Appendix B: createsymlink.sh

# Copyright International Business Machine Corporation, 2012-2013

# This information contains sample application programs in source language, which
# illustrates programming techniques on various operating platforms. You may copy,
# modify, and distribute these sample programs in any form without payment to IBM,
# for the purposes of developing, using, marketing or distributing application
# programs conforming to the application programming interface for the operating
# platform for which the sample programs are written. These examples have not been
# thoroughly tested under all conditions. IBM, therefore, cannot guarantee or
# imply reliability, serviceability, or function of these programs. The sample
# programs are provided "AS IS", without warranty of any kind. IBM shall not be
# liable for any damages arising out of your use of the sample programs.

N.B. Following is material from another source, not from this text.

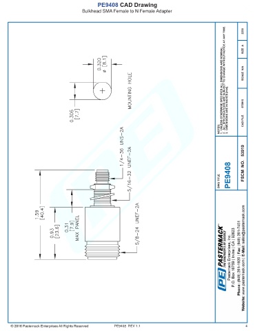 PE9408 CAD Drawing Bulkhead SMA Female to N Female Adapter PE9408 REV 1.1 4

# Each copy or any portion of these sample programs or any derivative work, must
# include a copyright notice as follows:

# (C) Copyright IBM Corp. 2012-2013.
# createsymlink.sh
# The script will produce a symbolic link required by the
# IBM Platform LSF elim for NVIDIA GPUs.
#
#!/bin/sh
LIBNVIDIA="/usr/lib64/nvidia/libnvidia-ml.so"
if [ -a "$LIBNVIDIA" ]
then  
ln -s /usr/lib64/nvidia/libnvidia-ml.so /usr/lib64/libnvidia-ml.so
/etc/init.d/lsf stop
/etc/init.d/lsf start
fi
exit 0